On the ‘Right to Be Forgotten’
While Viktor Mayer-Schönberger is arguing today both that there’s really not a lot new to the European Court of Justice decision to order Google to adjust its search results to accommodate the right to privacy for one individual and that it really won’t be a problem because Google already handles loads of copyright removal requests very quickly, the decision has also sparked some really rather silly comments all over the media, usually from the neoliberal and libertarian right, that this is a kind of censorship or that it will open the door to states being able to control search results.
I think it’s vital to remember that there’s really an obvious difference between personal privacy, corporate copyright and state secrecy. I really don’t think it’s helpful in discussion to conflate all these as somehow all giving potential precedent to the other (and I should be clear that Mayer-Schönberger is not doing this, he’s merely pointing out the ease with which Google already accommodates copyright takedown notices to show that it’s not hard or expensive for them to comply with this ruling). State attempts to remove things that it finds inconvenient are not the same as the protection of personal privacy, and neither are the same as copyright. This decision is not a precedent for censorship by governments or control by corporations and we should very strongly guard against any attempts to use it in this way.

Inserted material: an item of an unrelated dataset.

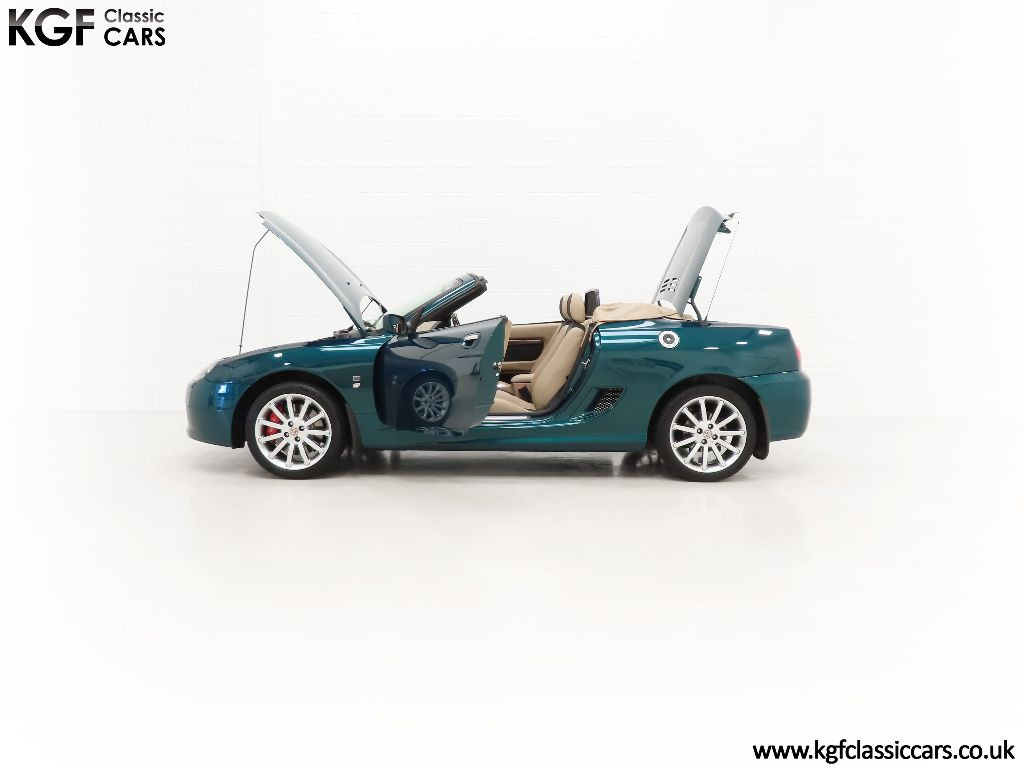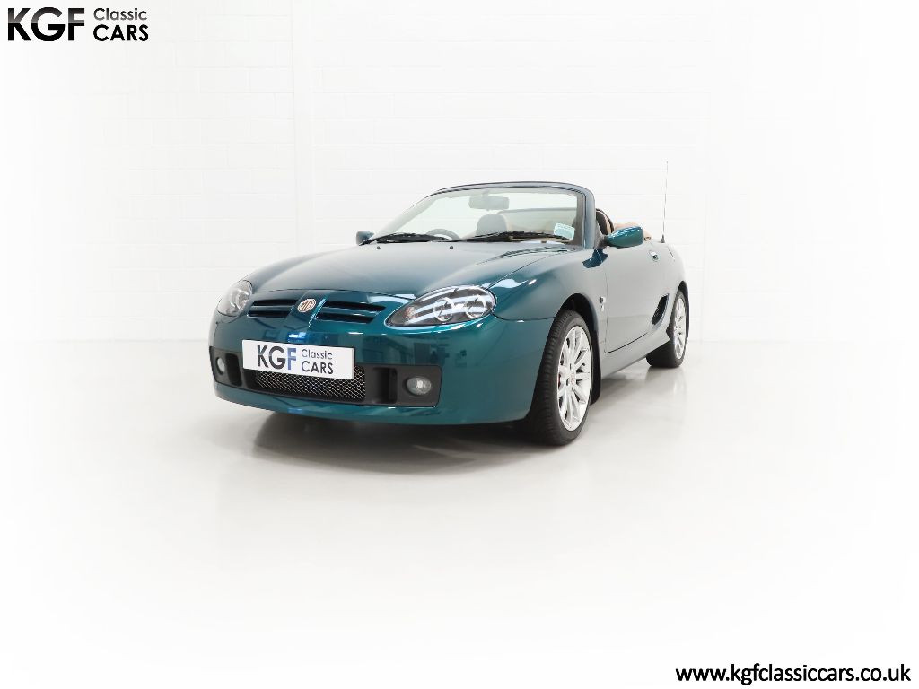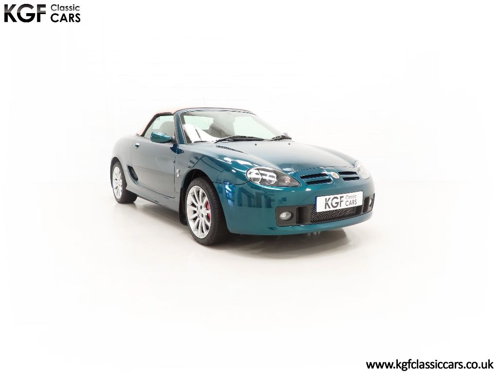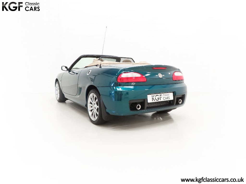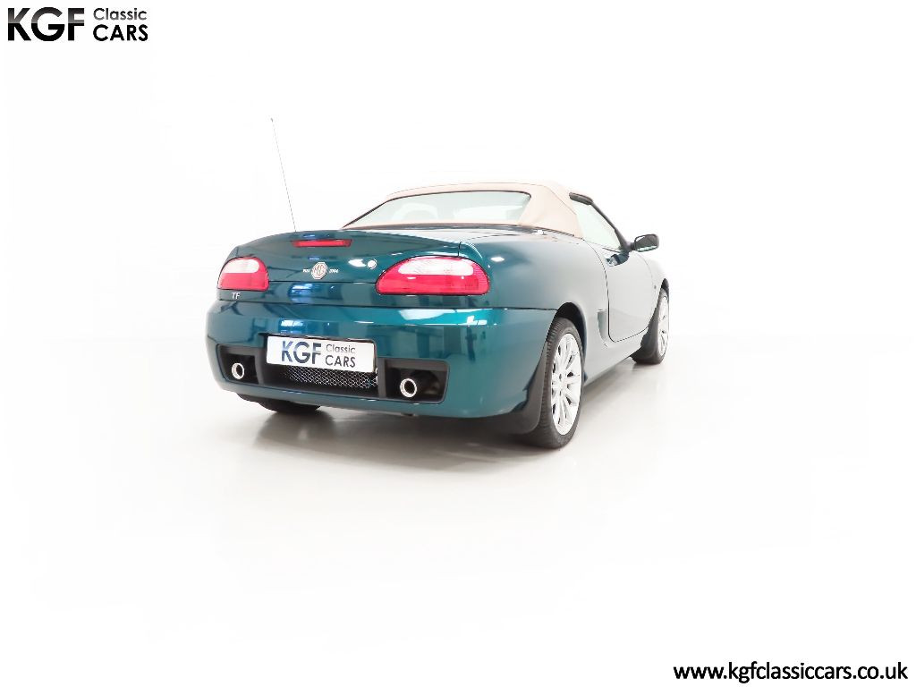 To celebrate 80 years of the MG brand saw a Limited-Edition release of just 1600 MG 80th Anniversary TF cars, available in three special colours and all built to high specification. The UK received just 500 examples and car number 1351 of 1600 boasts outstanding credentials being a one owner car with just 3,375 miles from new. Entirely commensurate with these credentials, the factory original Goodwood Green Pearlescent paintwork, (Code HQM), is pristine throughout and sparkles with no imperfections worthy of noting other than a couple of touched in frontal stone chips. The hood is also perfectly preserved with no fading or deterioration to the plastic rear screen. All trim sections, glass, lights and badges are as new, and the supplying dealer number plates and tax disc holder remain fitted. Garaged from new and used strictly in dry conditions the underside, wheel arch liners and door apertures are spotless. This is a truly exceptional example of one of the rarest and highly collectable in the MGF and TF range with added heritage.

Google algorithms already do a whole range of work that we don’t see and to suggest that they are (or were) open, free and neutral and will now be ‘biased’ or ‘censored’ after this decision is only testament to how much we rely on Google to a large extent, unthinkingly. This is where I start to part company with Mayer-Schönberger is in his dismissal of the importance of this case as just being the same as a records deletion request in any other media. It isn’t; it’s much more significant.
You are sill perfectly free to make the effort to consult public records about the successful complainant in the case (or anyone else) in the ways you always have. The case was not brought against those holding or even making the information public. What the case sought to argue, and what the court’s verdict does, is to imply that there are good social reasons to limit the kind of comprehensive and effortless search that Google and other search engines provide, when it comes to the personal history of private individuals – not to allow that one thing that is over and one to continue to define the public perception of a person anywhere in the world and potentially for the rest of their life (and beyond). Something being public is not the same as something being easily and instantaneously available to everyone forever. In essence it provides for a kind of analog of the right of privacy in public places for personal data. And it also recognizes that the existence and potentials of any information technology should not be what defines society, rather social priorities should set limits on how information technologies are used.
Personally, I believe that this is a good thing. However, as the politics of information play out over the next few years, I also have no doubt that it’s something that will be come up again and again in courts across the world…
PS: I first wrote about this back in 2011 here – I think I can still stand behind what I though then!